### Exercise instructions
Exact repetition of a range: find the line containing "Zapopan, Jalisco, 14" and the line containing "Rank Đơn: Chưa" in the material below, then repeat both and all lines between them, leaving pictures out.

*** Records ***

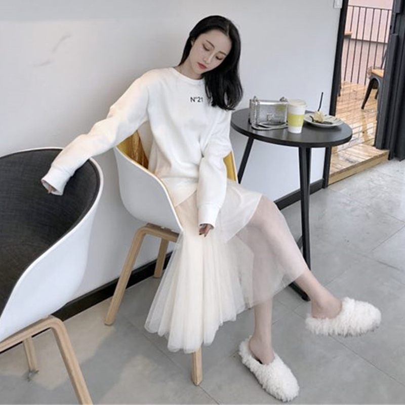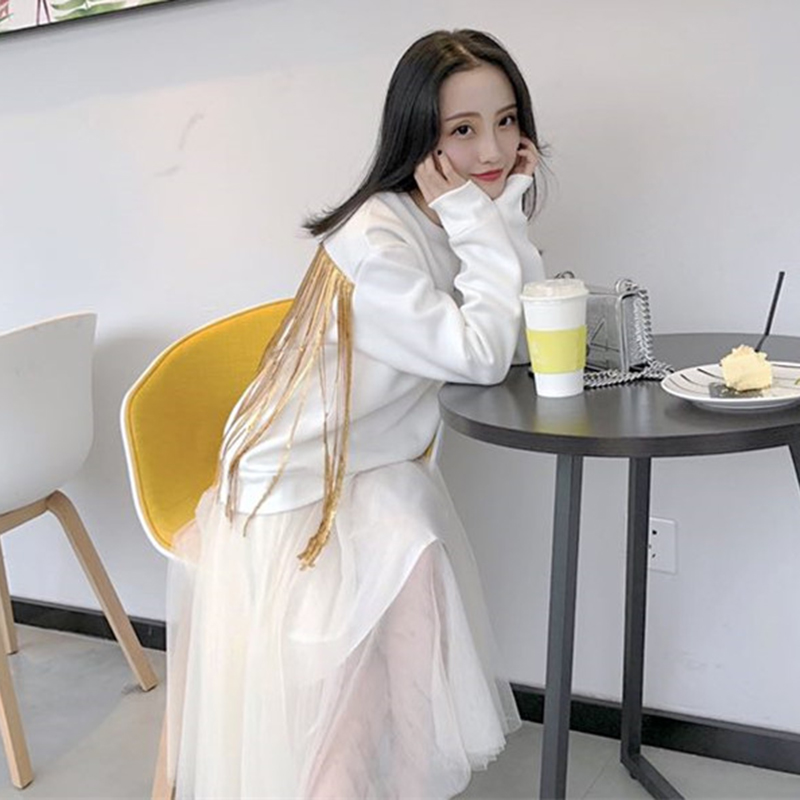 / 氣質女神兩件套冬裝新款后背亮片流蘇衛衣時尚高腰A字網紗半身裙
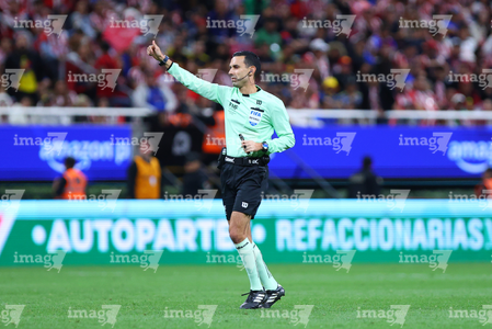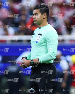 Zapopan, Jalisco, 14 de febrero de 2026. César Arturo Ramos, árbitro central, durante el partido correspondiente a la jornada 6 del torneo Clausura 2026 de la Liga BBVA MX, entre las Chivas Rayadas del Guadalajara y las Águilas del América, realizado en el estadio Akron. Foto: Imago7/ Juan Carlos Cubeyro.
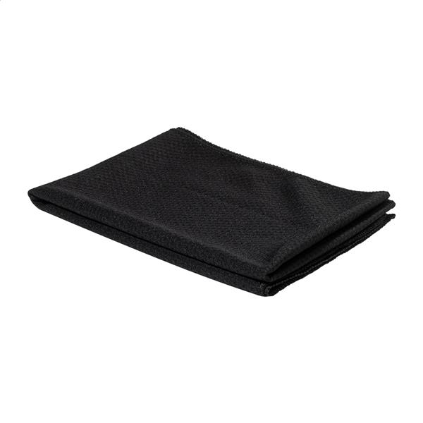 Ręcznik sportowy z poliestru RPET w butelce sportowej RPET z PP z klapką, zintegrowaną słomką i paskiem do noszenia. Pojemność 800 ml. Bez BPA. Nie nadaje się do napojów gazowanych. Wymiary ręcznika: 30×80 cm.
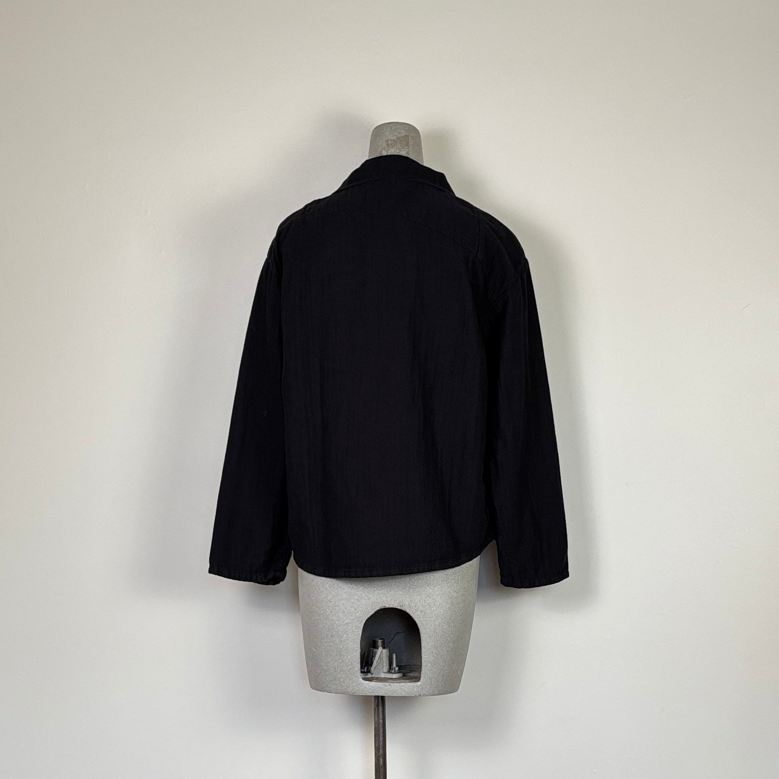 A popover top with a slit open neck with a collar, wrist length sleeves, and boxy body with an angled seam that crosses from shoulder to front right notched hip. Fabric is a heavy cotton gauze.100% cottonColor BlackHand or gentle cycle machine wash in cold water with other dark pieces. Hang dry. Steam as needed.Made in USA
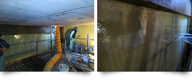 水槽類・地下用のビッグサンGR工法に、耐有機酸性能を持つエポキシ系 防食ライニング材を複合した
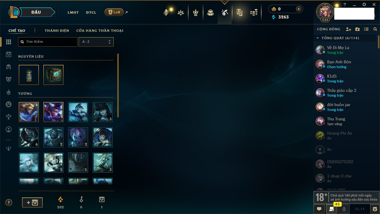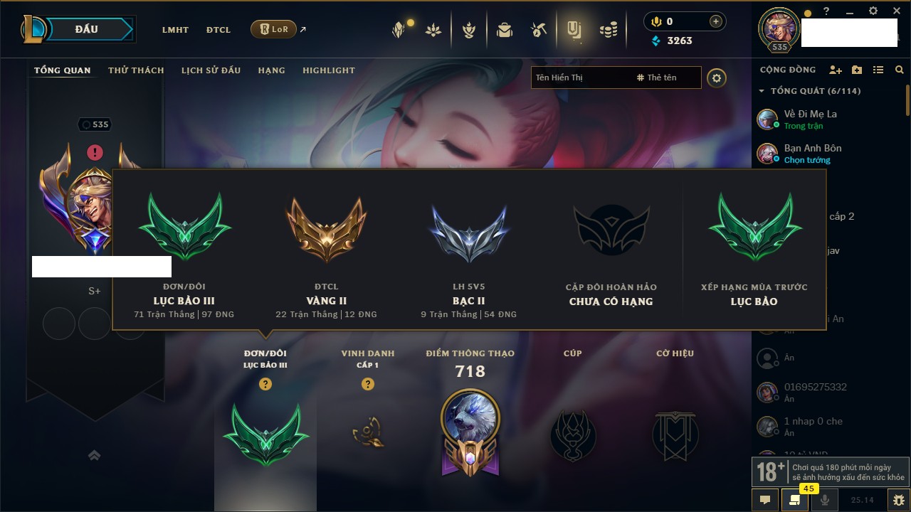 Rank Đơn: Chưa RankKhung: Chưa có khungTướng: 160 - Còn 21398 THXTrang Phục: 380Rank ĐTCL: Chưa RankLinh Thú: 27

*** End of Records ***
*** Records ***

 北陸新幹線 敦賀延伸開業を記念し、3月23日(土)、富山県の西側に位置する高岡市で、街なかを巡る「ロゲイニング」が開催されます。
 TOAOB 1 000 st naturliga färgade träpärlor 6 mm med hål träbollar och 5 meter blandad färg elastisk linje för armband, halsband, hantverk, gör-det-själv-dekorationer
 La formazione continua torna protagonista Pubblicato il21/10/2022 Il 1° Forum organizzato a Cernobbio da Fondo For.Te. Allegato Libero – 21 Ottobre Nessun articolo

*** End of Records ***

### Exercise answer
 Zapopan, Jalisco, 14 de febrero de 2026. César Arturo Ramos, árbitro central, durante el partido correspondiente a la jornada 6 del torneo Clausura 2026 de la Liga BBVA MX, entre las Chivas Rayadas del Guadalajara y las Águilas del América, realizado en el estadio Akron. Foto: Imago7/ Juan Carlos Cubeyro.
 Ręcznik sportowy z poliestru RPET w butelce sportowej RPET z PP z klapką, zintegrowaną słomką i paskiem do noszenia. Pojemność 800 ml. Bez BPA. Nie nadaje się do napojów gazowanych. Wymiary ręcznika: 30×80 cm.
 A popover top with a slit open neck with a collar, wrist length sleeves, and boxy body with an angled seam that crosses from shoulder to front right notched hip. Fabric is a heavy cotton gauze.100% cottonColor BlackHand or gentle cycle machine wash in cold water with other dark pieces. Hang dry. Steam as needed.Made in USA
 水槽類・地下用のビッグサンGR工法に、耐有機酸性能を持つエポキシ系 防食ライニング材を複合した
 Rank Đơn: Chưa RankKhung: Chưa có khungTướng: 160 - Còn 21398 THXTrang Phục: 380Rank ĐTCL: Chưa RankLinh Thú: 27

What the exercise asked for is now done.